Directions:
Melt the butter in a pan over medium heat, add the garlic and saute until fragrant, about 30 seconds.
Add the white wine and spinach and heat until the spinach wilts, about 1-2 minutes.
Process the spinach, cream cheese, sour cream, chili sauce, salt and pepper in a food processor until nice and mixed.
Mix everything, place the mixture into a baking dish bake in a preheated 350F/180C oven until bubbling and golden brown on top, about 20-30 minutes.
Slow Cooker: Implement steps 1-3, mix everything, place it in the slow cooker and cook until the cheese is nice and melted about 1-2 hours on high or 2-4 hours on low
Here are some tips for making a delicious and healthier Hot Cheesy Crab Spinach & Artichoke dish:
1. Choose fresh ingredients: Opt for fresh spinach and artichokes to maximize their nutritional value and flavor. If fresh artichokes are not available, you can use frozen or canned artichoke hearts.
2. Use whole-grain bread or crackers: Instead of using white bread or regular crackers for dipping, consider using whole-grain options. Whole grains are higher in fiber and provide more nutrients than refined grains.
3. Opt for low-fat cheese: To reduce the saturated fat content, choose a low-fat or reduced-fat cheese option. You can still achieve a creamy texture and cheesy flavor without the added fat.
4. Enhance flavor with herbs and spices: Add extra flavor to the dish by incorporating herbs and spices. Garlic, paprika, cayenne pepper, or fresh herbs like parsley or dill can elevate the taste profile without adding extra calories.

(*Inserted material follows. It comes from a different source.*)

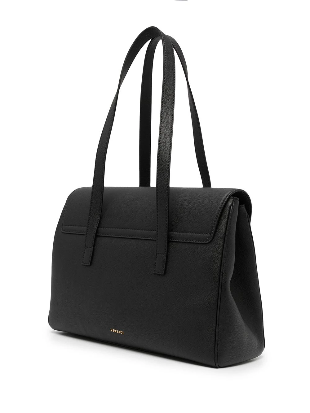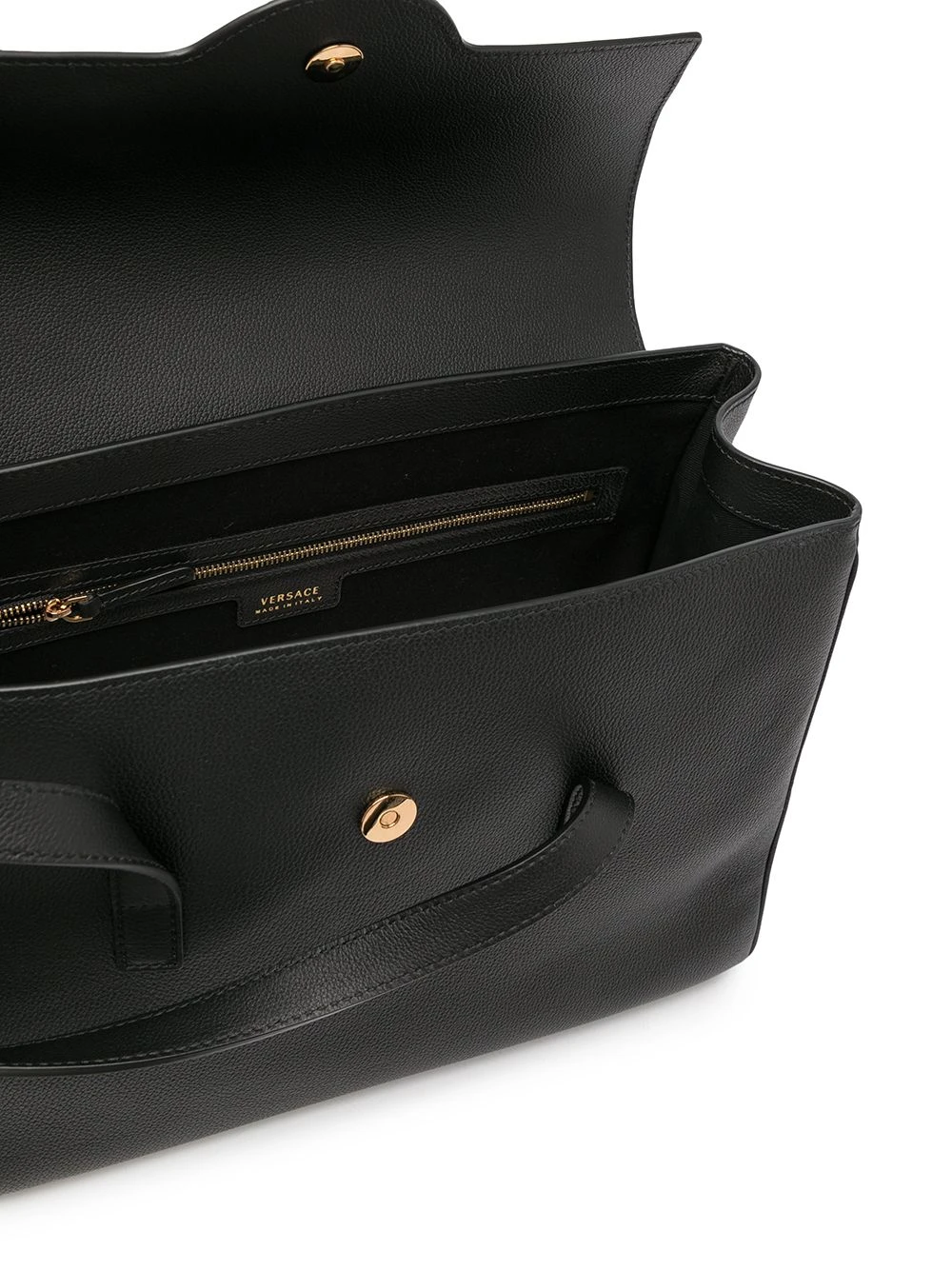 Détail Medusa, deux longues anses sur le dessus, rabat sur le devant, fermeture magnétique, poches intérieures zippées. Couleur : noir. Matière : cuir.
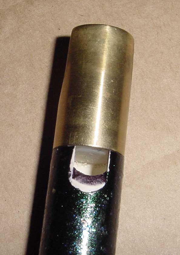Here’s the tuning slide area, which is basically a sleeve of brass for the PVC to slide into. With the slide pulled out this far, the whistle is quite flat. Bill uses beeswax to help snug up the slide and prevent air loss. It does the job nicely. The only thing I don’t like about beeswax on the slides is that it makes the tuning slide feel a little “gummy” instead of “smooth”. But it does work, and the Serpent Music website mentions that you get some wax with your whistle so that you can keep it maintained. And if I had my choice of between “gummy” and “won’t stay put” or “leaks air”, I’ll choose gummy every time. ![]()

5. Be mindful of portion sizes: Although this dish can be quite tempting, it’s essential to practice portion control. Enjoy it as an appetizer or shared dish, and balance it with other nutritious foods in your meal.
6. Experiment with alternative ingredients: If you have dietary restrictions or preferences, feel free to explore substitutions. For example, you can replace the crab meat with cooked shrimp or use a vegan cheese alternative if you follow a plant-based diet.
7. Serve with vegetable sticks: Instead of only using bread or crackers for dipping, include an array of vegetable sticks such as carrot, celery, and bell pepper. This adds extra nutrients and freshness to the dish.
8. Don’t overcook the spinach: While cooking the dish, be mindful not to overcook the spinach to preserve its nutrients. It only needs a short amount of time to wilt and incorporate into the dish.
Remember, moderation is key. While this dish offers some health benefits, it’s still important to consume it as part of a balanced diet and not rely solely on its nutritional value.